For the purposes of this week, let’s assume a vulnerability has already been found. Somewhere. In some program.
Let’s also assume that you already have a malicious payload that you want to run.
For our purposes, this will a bit of assembly code that launches calc.exe
.
If we can get the calculator to launch in windows, then we assume that we can run anything.
(This is the traditional way to demonstrate arbitrary code execution.)
We have a vuln, and we have a payload — how do we bridge the gap? How exactly can we get from vulnerability to code execution?
I’ll describe two different classes of vulnerabilities: stack buffer overflows, and use-after-free.
How do you turn a vulnerability into an exploit?

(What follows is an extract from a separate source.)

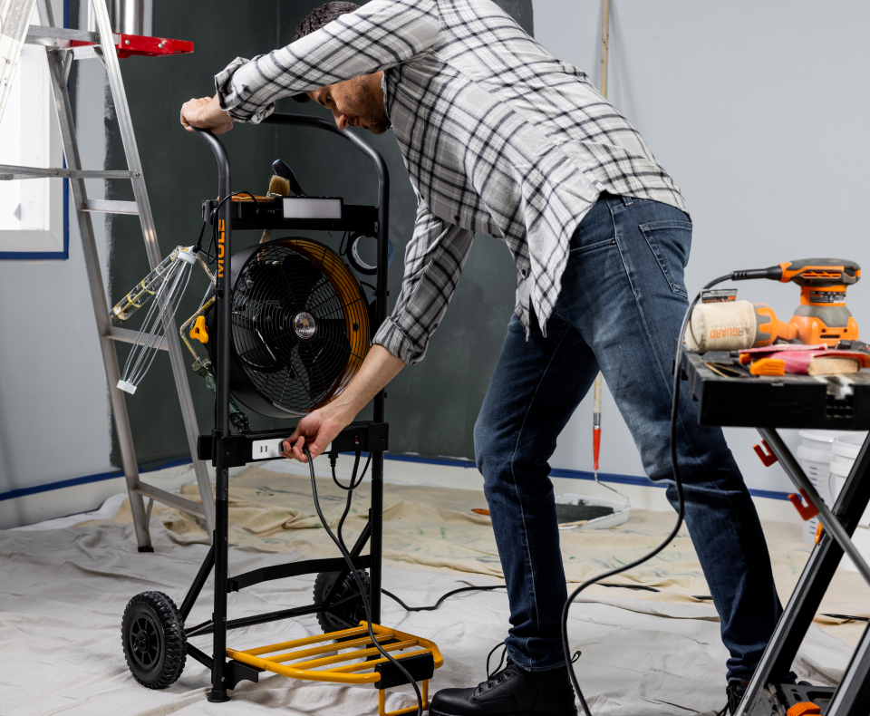 MULE 5-in-1 Mobile Workshop, integrated 3-speed fan, LED light, power strip, tool caddy, and 300lb capacity hand truck Designed to make everything ...

Before we get started, I should mention:
You can actually follow along with the lab this week, if you want: we’re using FSExploitMe - a vulnerable ActiveX control, designed to demonstrate stack smashing and use-after-free vulnerabilities. Hilariously, the exploit code is going to be written in JavaScript.

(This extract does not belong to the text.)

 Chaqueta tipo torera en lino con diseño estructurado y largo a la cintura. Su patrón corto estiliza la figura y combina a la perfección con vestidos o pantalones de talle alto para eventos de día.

If you want to give it a shot, grab the FSExploitMe repo and stick it in a Windows 7 VM.
The main tool you’ll want to use is WinDBG, which is, no surprise, a windows debugger. It is distributed by Microsoft as part of the free Debugging Tools for Windows package. I have a cheat sheet of useful commands in the Appendix.

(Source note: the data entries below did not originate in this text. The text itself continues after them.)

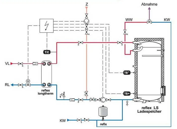 Накопичувальний бак Reflex LS 300 L призначений для зберігання значного запасу гарячої води питної якості, забезпечуючи об'єм 300 літрів. Цей підлоговий водонагрівач застосовується у поєднанні із зовнішнім теплообмінним апаратом, який не входить до стандартної комплектації.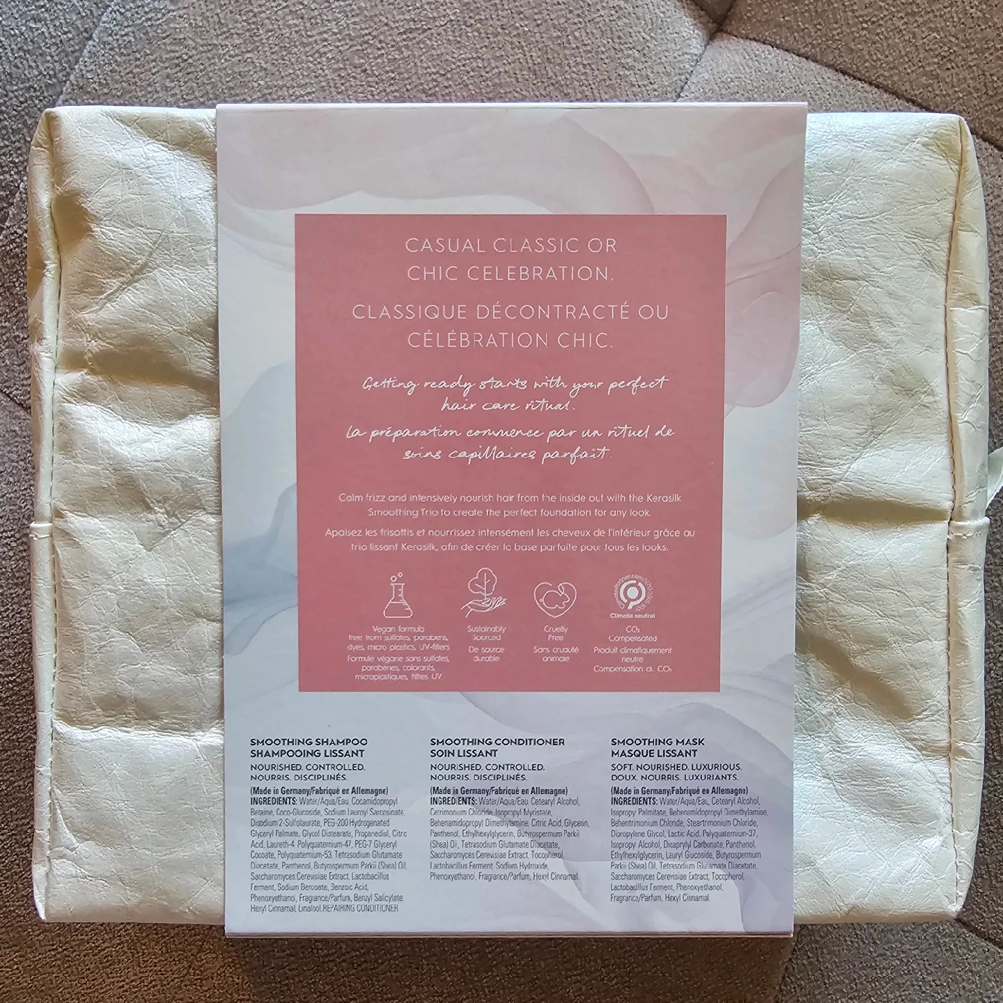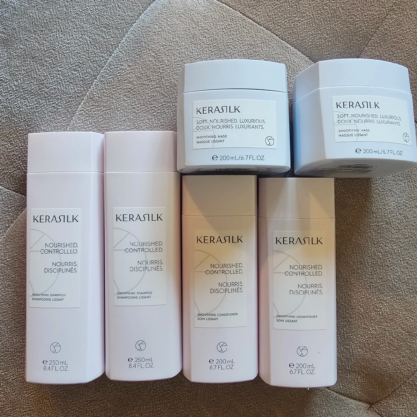 65Tame unruly hair and bring on the shine with this luxurious Kerasilk Smoothing Set. Designed to smooth, soften, and control frizz while leaving hair touchably sleek. 💆♀️ What’s Included (Full Sizes): 🧴 Smoothing Shampoo – 8.4 fl oz (Retails at 40$!) Gently cleanses while starting the smoothing process from the first wash. Leaves hair manageable and nourished with Kerasilk’s signature scent. 🧴 Smoothing Conditioner – 6.7 fl oz Detangles, softens, and smooths the hair fiber for long-lasting frizz control and sleekness without weighing the hair down. 🧖♀️ Smoothing Mask – 6.7 fl oz (Retails at 45$!) Deeply nourishes and repairs the hair while sealing the cuticle for intense smoothness, shine, and humidity resistance. Ideal for weekly use. 🌟 Why You’ll Love It: • Salon-level smoothing care at home • Great for thick, coarse, frizzy, or color-treated hair • Reduces blow-dry time and makes styling easier • Luxurious, clean scent and soft finish • Perfect for gifting or upgrading your own routine 🎁 Brand new, sealed, and sold as a complete set only.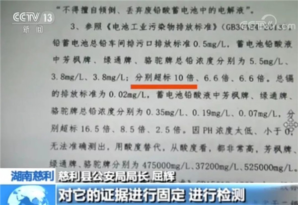 今年2月到9月,湖南省、廣東省等多家第三方檢測中心傳來消息,警方在案發(fā)現(xiàn)場抽取的非法排放的鉛酸液,最高超過國家《電池工業(yè)污染排放標準》的10倍;對案發(fā)現(xiàn)場內(nèi)廁所蹲坑周邊土壤布點采樣,發(fā)現(xiàn)土壤存在重金屬鉛超標。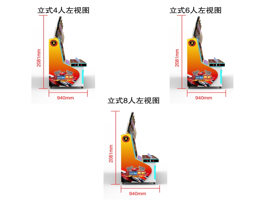 机型机种 | 游艺娱乐设备 | 设备尺寸 | 2196*940*2081MM 3294*940*2081MM 4392*940*2081MM |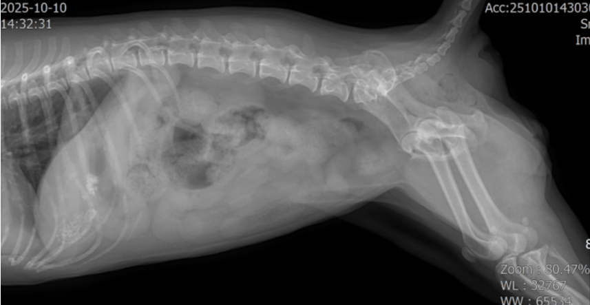 bladder 안에 다수의 결석(cystolith)이 확인되었고, urethra(요도) 방향으로도 여러 개의 결석이 내려가 있는 상태가 확인되었습니다.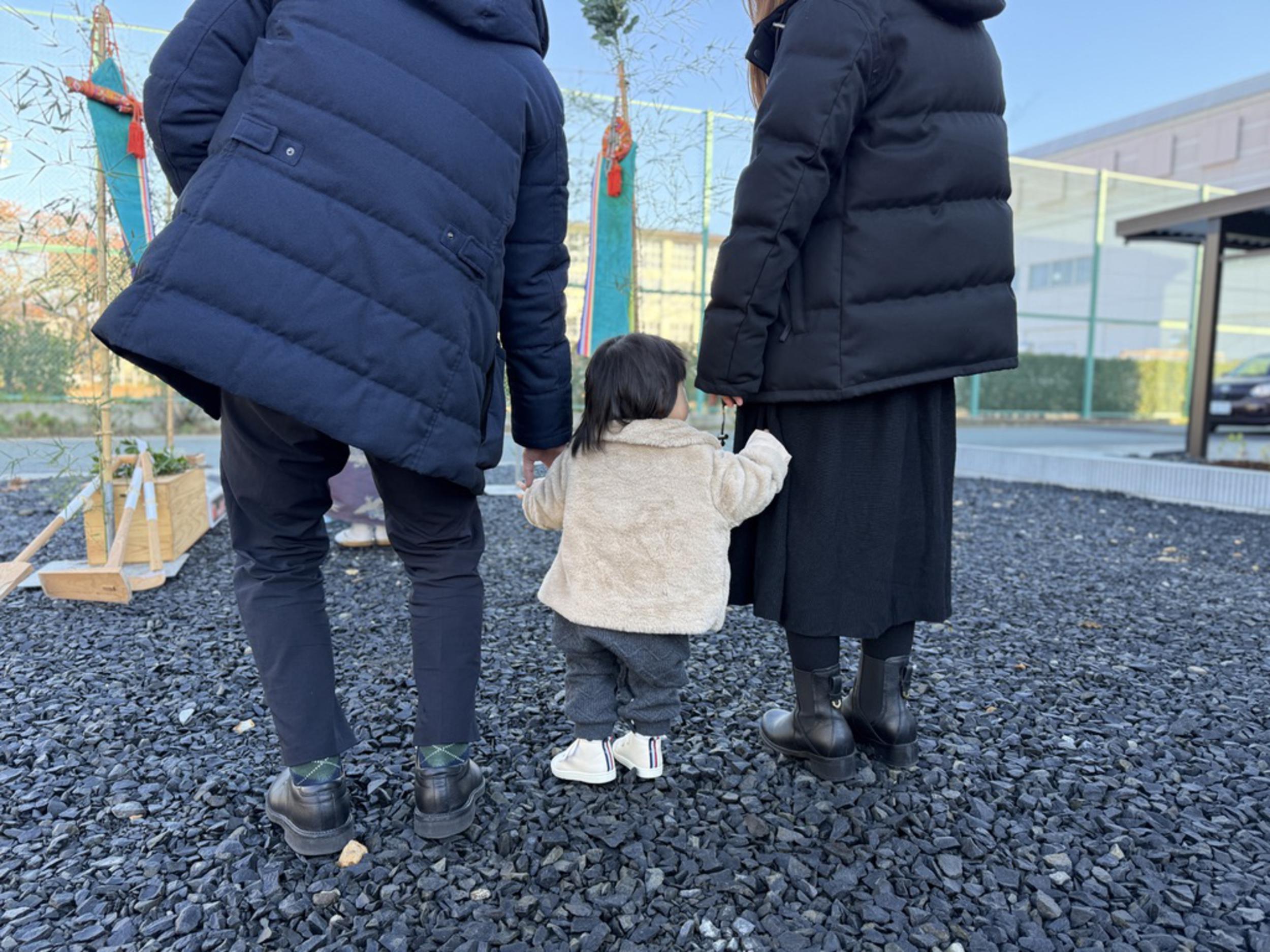 ご家族で工事の第一手となる鍬入れを行い、
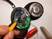 Simple setup to test the driver (speaker) Two leads with alligator clips, connect those to an 3.5mm audio jack extension.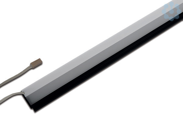 Regalbodenleuchte für 19mm Holzböden, Gehäuse Alu in schwarz eloxiert, Anschlussleitung 2,5m mit LED 24-Stecker, Lichtfarbe warm weiß ca. 3000K
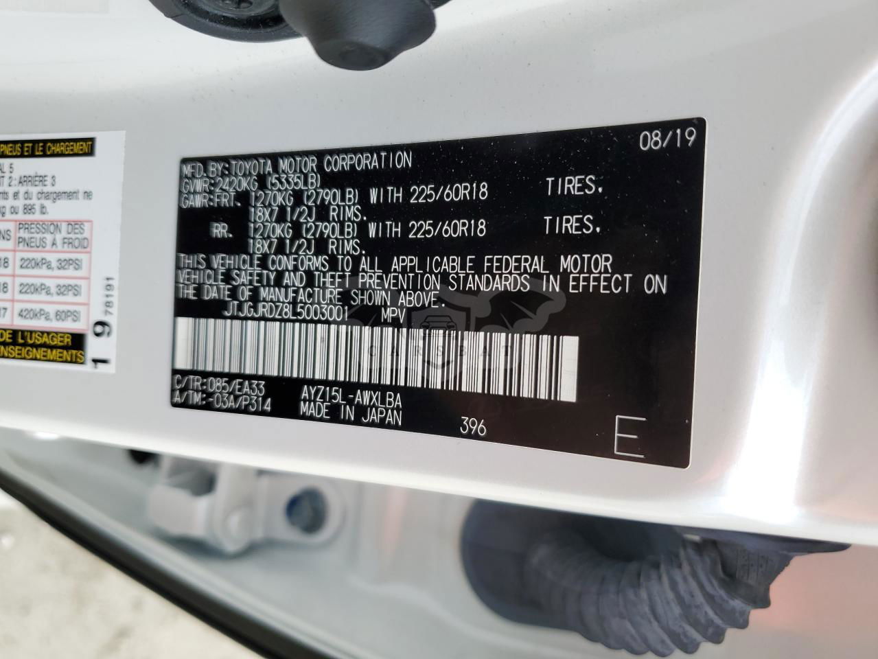 • VIN: JTJGJRDZ8L5003001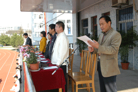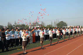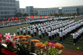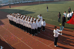 全体学生以饱满的激情,昂扬的斗志,参加了入场式比赛。伴随着雄壮的《运动员进行曲》,在国旗、校旗、校标、红旗队的引领下来自各教学部的74个班级的学生雄赳赳、气昂昂地步入会场,并在主席台前进行了形式不一,丰富多彩的表演。在整齐、规范、气势恢宏的入场式后校党总支书记、校长高康代表学校领导讲话,他指出:运动会与入场式比赛是一次团结、友谊、拼搏、进取的盛会, “生命在于运动”,体育运动所呈现的更高、更快、更强的精神深入人心,催人奋进。如今时代在进步,社会在发展,现代的人才观,不仅要求建设者要有较高水平的专业知识、实践能力和创新精神,还要求有健全的人格、健壮的身体、健康的心理。

(Note: when you attach WinDBG to internet explorer, attach to 2nd iexplore.exe
process.)
Since the lab is more or less public, I’m not going to go into too many details about it. Instead, I’ll describe the attacks at a high level.
Exploiting a stack buffer overflow
These days, “buffer overflow” is nearly synonymous with “security bug”.
A buffer overflow is where a program writes data past the end of a buffer. Most languages would raise an error if that happened, but C and C++ just shrug and carry on.
A stack buffer overflow is a buffer overflow which occurs on the stack.
Most functions start and end with something like this.
push ebp
mov ebp,esp
sub esp, 4
…
add esp, 4
pop ebp
ret
The stack frame of a single function looks something like this.
- local variables
- saved frame pointer (ebp)
- return address
- function arguments
At the top of the stack are the local variables of the function, followed by the saved frame pointer, followed by the return address, followed by the arguments to the function, followed by all of the above for whatever function called this function, and so on.
I say “top” but i really mean “bottom” because the stack on x86 is upside down - it starts at some high memory address and grows down towards lower memory addresses.
If we write past the end of a buffer on the stack — if it overflows — we start overwriting the other local variables in the function, then we overwrite the saved frame pointer, then we overwrite the return address, then we overwrite the function arguments, and so on all the way up the stack.
To achieve code execution we need to get the instruction pointer (eip)
to point to our code. One way to do that is with the ret
instruction.
When a function returns — when the ret
instruction executes — it pops
the return address off the stack and puts it in eip
.
(ret
is basically a synonym for pop eip
).
So if we overwrite the return address on the stack with a pointer to our code, and the function returns, then we’ve achieved code execution.
Question: where are we going to put our code?
Answer: we can put it on the stack, right after our fake return address.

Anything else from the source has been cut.